Alexandre Pires defende inclusão do Semiárido nas políticas climáticas durante a COP-30 em Belém
O sertanejo Alexandre Pires, diretor de Combate à Desertificação do Ministério do Meio Ambiente, destacou a importância de incluir o Semiárido nas pautas globais sobre mudanças climáticas durante a COP-30, realizada em Belém (PA). Em entrevista ao programa Manhã Total da Rádio Pajeú, ele reforçou que as políticas de enfrentamento à crise climática precisam contemplar também biomas como a Caatinga, e não apenas a Amazônia e o Pantanal.
Segundo Pires, o desmatamento é um dos principais fatores que intensificam o aquecimento global e agravam os efeitos do clima no Nordeste. “Se nós não conseguirmos conter o processo de desmatamento e as queimadas ilegais, não teremos condições de reduzir o aquecimento global. A vegetação ajuda a conter o calor, e quando ela é retirada, o ambiente fica mais quente, a umidade cai e aumenta o risco de desertificação”, explicou.
Ele afirmou que o desafio na COP-30 é garantir que os recursos internacionais voltados à agenda climática também sejam direcionados para territórios semiáridos. “Esperamos que os países se comprometam com investimentos e ações concretas que beneficiem regiões como o Semiárido brasileiro”, disse.
Ao comentar sobre o papel dos entes federativos, Alexandre Pires destacou que União, estados e municípios têm responsabilidades distintas, mas complementares, na agenda ambiental. Segundo ele, a falta de recursos públicos e de investimentos parlamentares na preservação ambiental é um dos principais entraves. “Temos tecnologia, instrumentos e legislação. O que falta é recurso público. Grande parte do orçamento hoje está nas mãos dos parlamentares, e são poucas as emendas destinadas à restauração da Caatinga e à proteção das nascentes”, afirmou.

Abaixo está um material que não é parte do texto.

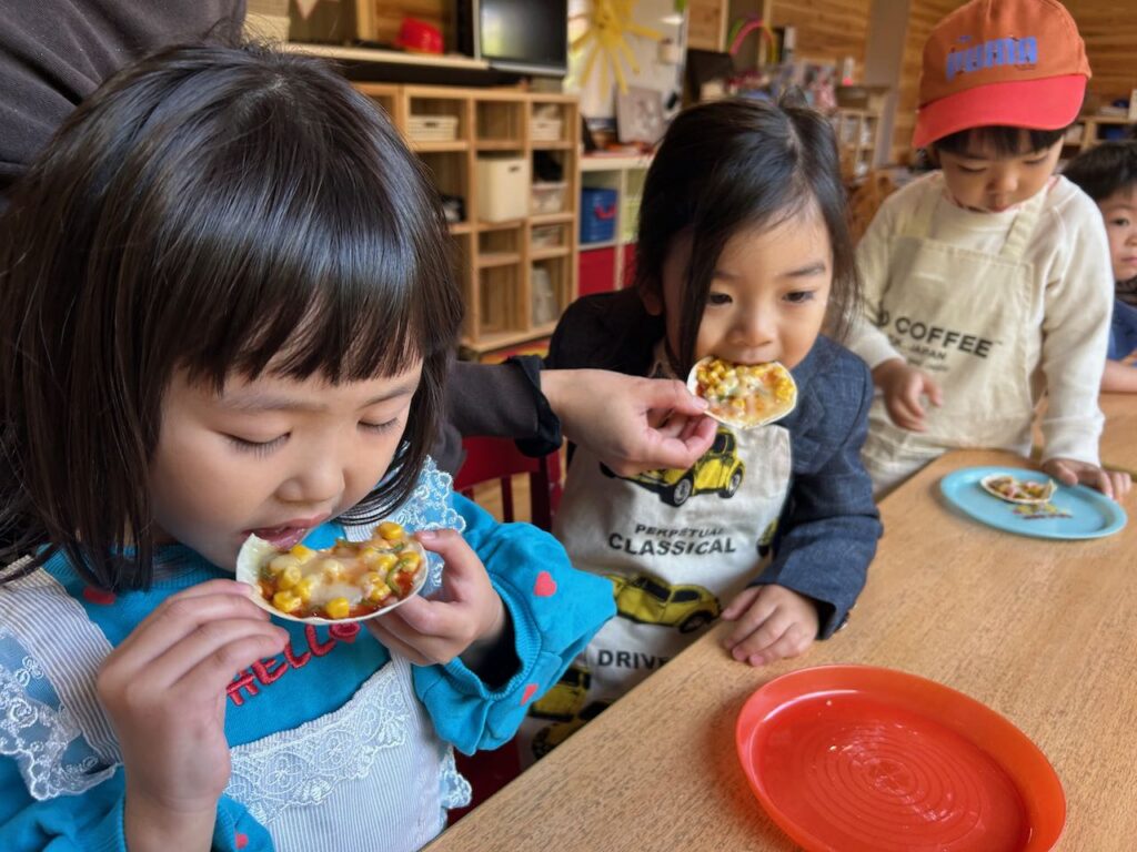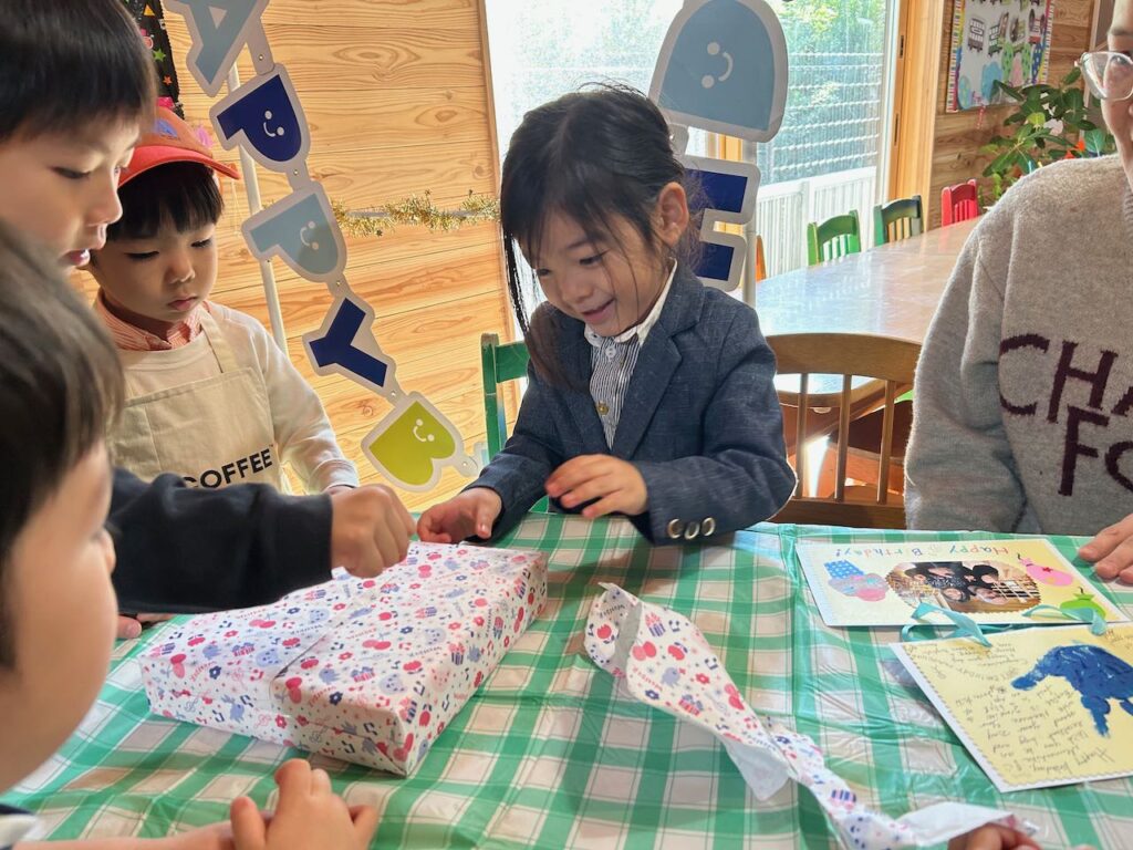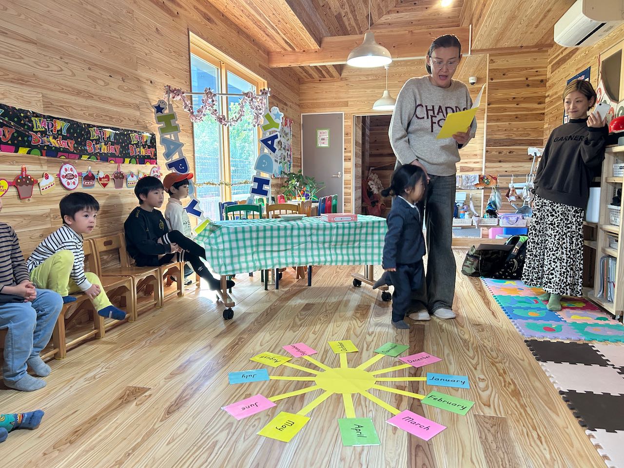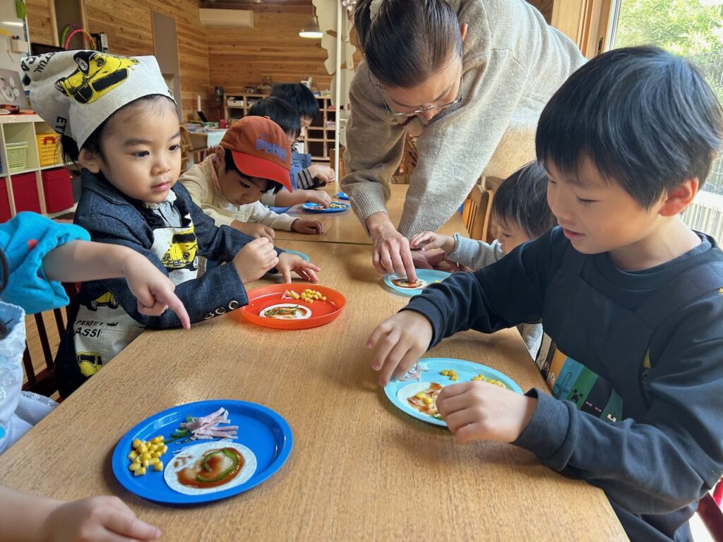 今日は11月生まれのお友だちの誕生日会をしました。歌をうたったり、インタビューしたり、生まれてから今までの成長の写真を見たり、お家の人からお話を聞いたりしてお祝いしました。その後、ミニピザを作って美味しくいただきました!

Apesar dos desafios, o representante do Ministério do Meio Ambiente demonstrou otimismo com novas iniciativas. Ele citou o Fundo Florestas Tropicais para Sempre, que deve investir bilhões na restauração e conservação de biomas brasileiros, e antecipou que o BNDES e o Banco do Nordeste anunciarão novos aportes voltados à recuperação da Caatinga.
“O desafio é grande, mas não podemos perder a esperança. Nosso povo tem força e consciência do cuidado com a vegetação e com a natureza. A Caatinga tem um papel essencial na vida do sertanejo e precisa ser reconhecida como prioridade nas políticas climáticas”, concluiu Alexandre Pires.